One in a Mill-ion
The average South African going for a drive in the English countryside is after two things: something beautiful and historic to explore, and anything – anything at all – that will not wipe out the budget he or she expected to last two weeks, but which is already dwindling a couple of days into the holiday.
Pictures: Bruce Dennill.
Often, the sites that combine these characteristics are pubs – mere drinking spots in many other countries, but century-old staging posts, inns and repositories for endless yarns in a country as ancient and culturally developed as England.
Going all the way to the UK to have an old-fashioned Sunday roast for the equivalent of two or three hundred rand might seem a bit frivolous though, especially when an experience of similar value is available down the road, relatively speaking.

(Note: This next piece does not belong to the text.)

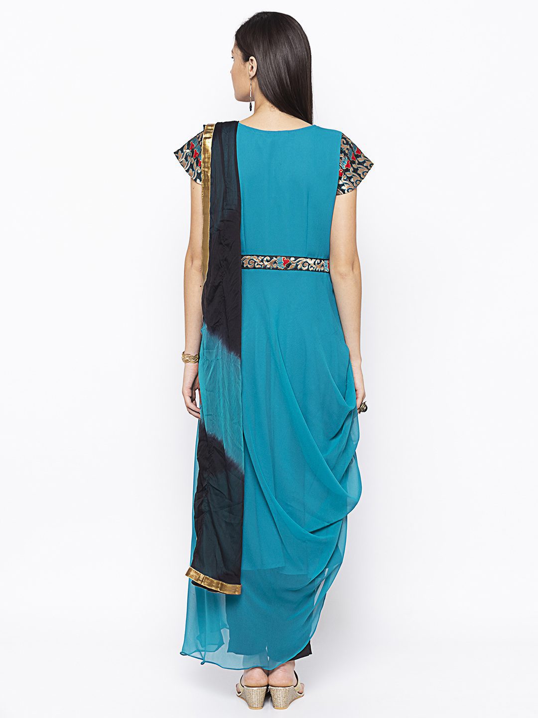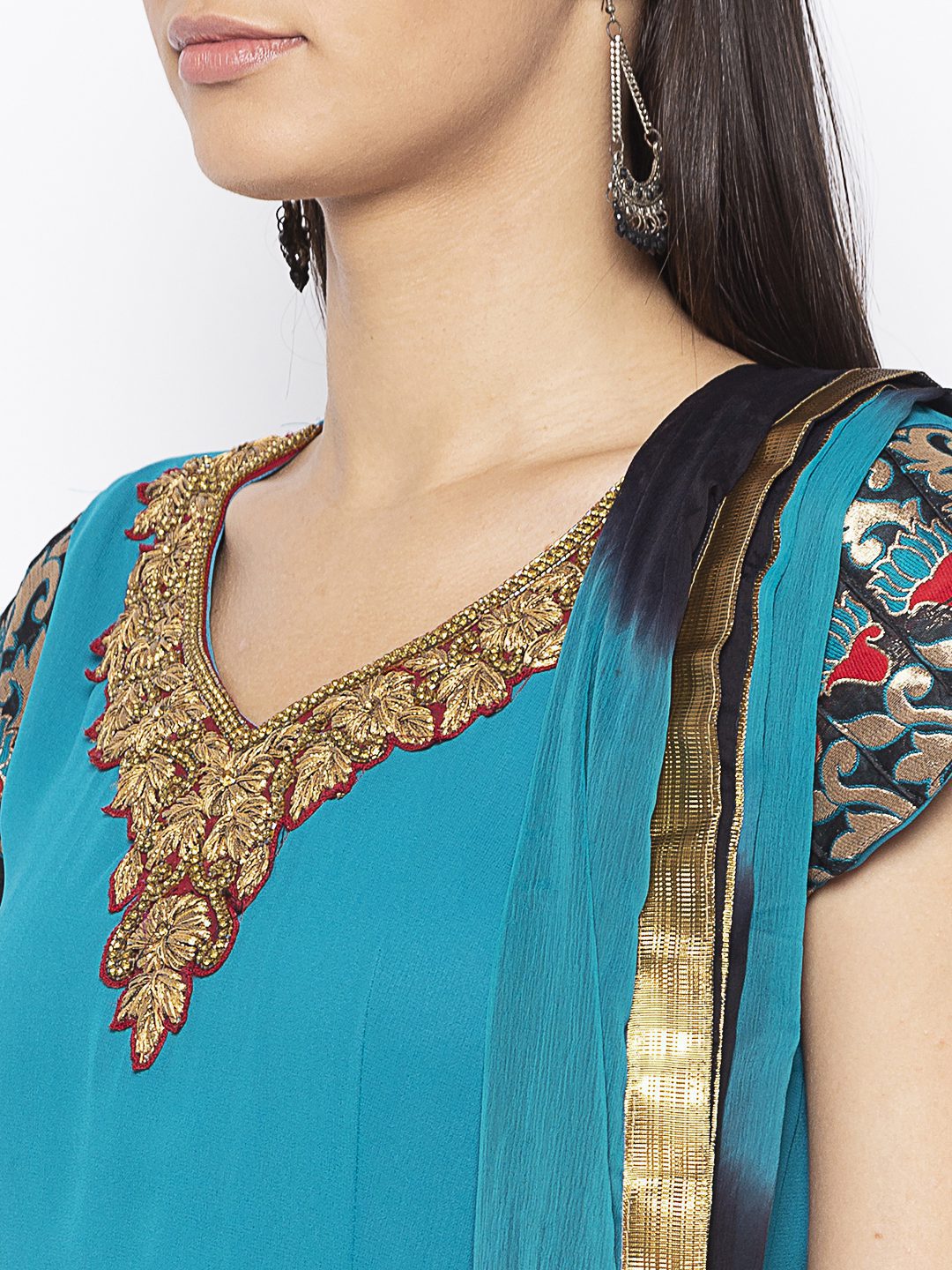 Blue Georgette A Symmetrical Draped Kurta With Hand Embroidered Zardozi Neckline ..Brocade Border Detailing On Short Sleeves And Bodyline Worn With Black Cigarette Pants And Black Shaded Chiffon Dupatta With Gold Border On All Sides.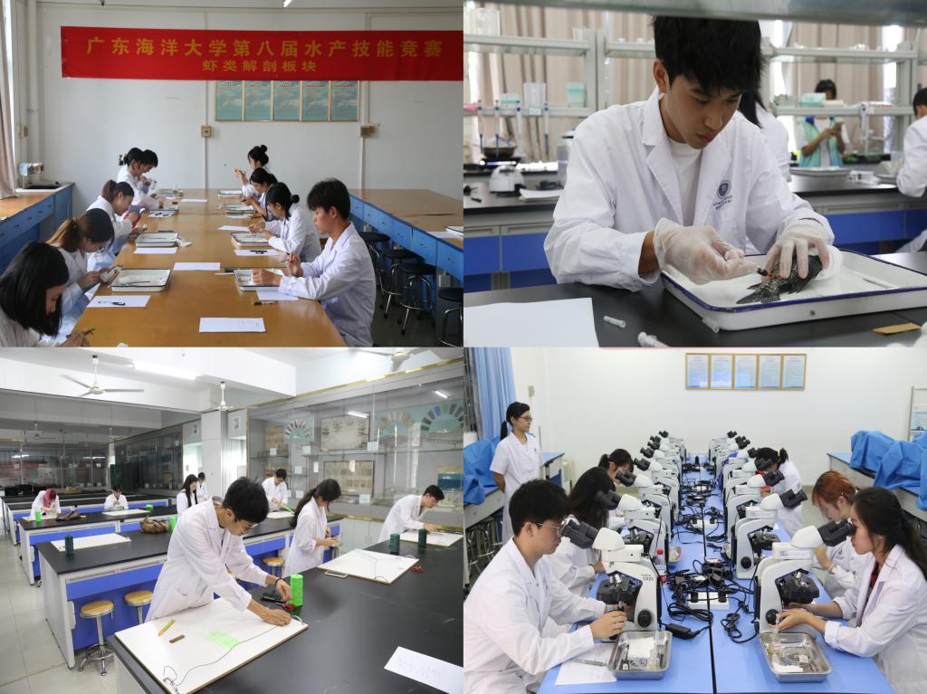 在为期两天的决赛里,决赛选手在鱼类解剖、鱼体病害检查与组织切片、虾类解剖、饲料原料辨别、浮游生物鉴定、渔网的编织以及水质溶解氧的测定、抛网捕鱼等八个比赛项目上展开了激烈角逐。各比赛项目中,选手们精湛的技术、熟练的动手能力、扎实的专业知识,获得了评委老师和领导的高度赞许。

Caversham Mill, between Balgowan and Curry’s Post, was the site of the first water-driven mill in KwaZulu-Natal, built in the mid-1850s by brothers Richard and James Hodson. That sort of vintage is about as good as it gets for such structures in our relatively young country. It’s more than enough to give visitors staying at the Manor House a sense of the area’s history.
But the pure intellectual interest that it provides won’t necessarily translate to the sort of ambience Midland Meanderers are after when they schedule a stopover at the property’s restaurant for a long, lazy lunch. What makes Caversham Mill a non-negotiable stopover on a tour of the area is its situation on a bank overlooking a picturesque waterfall on one side, and the ruins of the original mill on the other.
It’s necessary to book, as the locals are as enthusiastic about the place as the holiday settlers from Gauteng or other similarly vista-starved locations. There are a couple of picnic tables out on the lawn, a number of highly sought-after, more formal tables on the patio and a selection of perfectly fine options inside, from which you can still see the view, though only through the filter provided by the heads of your fellow di-ners, bobbing up and down as they tuck into their food.
Said food is of the same wholesome, but elegantly presented, sort served up in the hipster venues that have appropriated the venerable shells of those Olde English public houses, and without the side order of snootiness that sometimes comes free, whether you want it or not, in similar establishments abroad.
Dishes aren’t cheap, but they’re not annoyingly over-priced, either, and the portion sizes are enough to keep you busy for the time it takes to string out a conversation as an alternative to going and doing something more responsible. Craft beers (including something called a “Naked Mexican”: be sure to shout your order for that one out loud…) and real cider – the fermented, slightly sour sort– also beg to be nursed, rather than chugged.
The Caversham Mill Restaurant is the sort of place you’ll return to again and again. Get that initial meet and greet out of the way and you’ll quickly enjoy the sense of familiarity that comes with being a regular – including knowing, based on the behaviour of the owner’s scruffy terrier, when the next thunderstorm is due.